Pig producers are finally in the black again, after nearly three years of making a loss.
The improvement is down to lower costs, according to provisional estimates from AHDB.
Estimates for recent months have been revised upwards, taking into account new data on the effect of poor weather earlier in the year on herd productivity.
Average costs in June were 3p lower than revised estimates for the month before, at just over 164p/kg, but still more than 6p/kg higher than they were in June 2012.
“With the DAPP passing this level at the end of May and heading higher still in June, producers stand to make a significant positive margin for the first time since the autumn of 2010,” said Stephen Howarth, senior analyst at BPEX.

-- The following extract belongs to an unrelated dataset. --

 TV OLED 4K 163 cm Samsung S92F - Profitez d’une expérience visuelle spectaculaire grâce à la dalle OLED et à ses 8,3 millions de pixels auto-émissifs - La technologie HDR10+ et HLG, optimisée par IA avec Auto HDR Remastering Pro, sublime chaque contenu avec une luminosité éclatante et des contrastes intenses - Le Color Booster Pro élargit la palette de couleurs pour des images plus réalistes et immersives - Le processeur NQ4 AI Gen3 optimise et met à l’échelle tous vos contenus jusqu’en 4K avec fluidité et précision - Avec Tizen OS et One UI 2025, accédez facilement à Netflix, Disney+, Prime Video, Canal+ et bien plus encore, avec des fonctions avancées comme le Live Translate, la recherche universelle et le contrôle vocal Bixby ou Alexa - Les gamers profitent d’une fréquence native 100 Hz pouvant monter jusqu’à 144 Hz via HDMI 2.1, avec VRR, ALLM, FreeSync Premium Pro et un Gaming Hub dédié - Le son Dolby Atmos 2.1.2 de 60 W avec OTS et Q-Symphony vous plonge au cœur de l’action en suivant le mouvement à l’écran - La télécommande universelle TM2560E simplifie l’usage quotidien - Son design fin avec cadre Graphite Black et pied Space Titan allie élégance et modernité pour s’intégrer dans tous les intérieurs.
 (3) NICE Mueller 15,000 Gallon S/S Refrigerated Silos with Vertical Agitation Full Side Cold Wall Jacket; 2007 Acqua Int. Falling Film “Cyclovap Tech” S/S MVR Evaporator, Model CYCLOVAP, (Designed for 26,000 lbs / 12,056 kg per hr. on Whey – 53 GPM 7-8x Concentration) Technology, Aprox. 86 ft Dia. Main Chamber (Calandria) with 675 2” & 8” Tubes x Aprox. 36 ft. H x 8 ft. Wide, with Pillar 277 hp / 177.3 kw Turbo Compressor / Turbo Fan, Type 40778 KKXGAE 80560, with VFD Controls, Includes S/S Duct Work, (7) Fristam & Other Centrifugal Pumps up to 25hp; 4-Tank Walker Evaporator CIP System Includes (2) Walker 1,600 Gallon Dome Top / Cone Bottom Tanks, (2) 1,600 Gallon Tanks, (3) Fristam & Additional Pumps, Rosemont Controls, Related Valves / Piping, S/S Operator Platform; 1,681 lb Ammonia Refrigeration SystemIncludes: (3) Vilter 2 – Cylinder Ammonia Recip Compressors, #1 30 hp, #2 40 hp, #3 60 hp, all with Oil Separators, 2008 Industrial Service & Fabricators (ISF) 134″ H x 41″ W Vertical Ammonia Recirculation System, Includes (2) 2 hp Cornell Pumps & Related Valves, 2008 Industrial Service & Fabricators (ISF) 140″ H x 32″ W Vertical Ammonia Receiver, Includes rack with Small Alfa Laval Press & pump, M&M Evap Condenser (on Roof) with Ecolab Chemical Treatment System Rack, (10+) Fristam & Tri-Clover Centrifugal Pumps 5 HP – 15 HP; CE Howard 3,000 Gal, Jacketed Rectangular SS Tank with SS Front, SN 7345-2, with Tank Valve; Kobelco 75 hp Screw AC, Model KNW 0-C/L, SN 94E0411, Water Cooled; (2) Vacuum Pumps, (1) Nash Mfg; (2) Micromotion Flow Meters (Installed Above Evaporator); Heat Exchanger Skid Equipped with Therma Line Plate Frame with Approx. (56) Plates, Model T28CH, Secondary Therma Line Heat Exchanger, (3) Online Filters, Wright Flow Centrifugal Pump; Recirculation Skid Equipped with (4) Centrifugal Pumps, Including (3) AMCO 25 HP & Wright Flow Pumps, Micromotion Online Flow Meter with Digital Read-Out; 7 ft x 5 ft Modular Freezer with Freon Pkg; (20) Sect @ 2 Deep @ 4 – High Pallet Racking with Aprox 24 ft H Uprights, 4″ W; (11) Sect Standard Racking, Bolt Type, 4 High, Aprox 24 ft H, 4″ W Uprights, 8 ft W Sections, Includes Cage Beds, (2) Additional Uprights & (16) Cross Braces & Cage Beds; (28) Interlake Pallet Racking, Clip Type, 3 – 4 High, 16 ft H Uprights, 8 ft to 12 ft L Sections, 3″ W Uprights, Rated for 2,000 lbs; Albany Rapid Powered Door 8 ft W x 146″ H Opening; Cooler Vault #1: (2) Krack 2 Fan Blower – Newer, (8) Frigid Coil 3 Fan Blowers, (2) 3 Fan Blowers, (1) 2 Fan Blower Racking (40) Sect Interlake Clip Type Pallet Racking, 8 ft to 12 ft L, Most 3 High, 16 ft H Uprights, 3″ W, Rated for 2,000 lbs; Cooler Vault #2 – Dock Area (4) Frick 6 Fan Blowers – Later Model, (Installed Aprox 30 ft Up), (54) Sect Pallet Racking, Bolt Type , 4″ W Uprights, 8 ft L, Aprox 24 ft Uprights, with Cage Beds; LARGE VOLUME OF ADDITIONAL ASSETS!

The deadweight average pig price (DAPP) for the week ending 22 June reached 167.44p/kg – a penny higher than the week before, and 17p higher on the year.
“The firm DAPP was mainly a result of strong demand for British pigmeat coupled with tightening pig numbers across Europe,” said Mr Howarth.
“Nevertheless, costs will need to remain low relative to prices for a sustained period if producers are to recover the losses suffered in recent years,” he added.
This comes as pork exports strengthen, with April shipments 22% up on the year.
China has become the leading destination for UK exports, buying 16% of the total – increasingly primal cuts and fifth quarter products.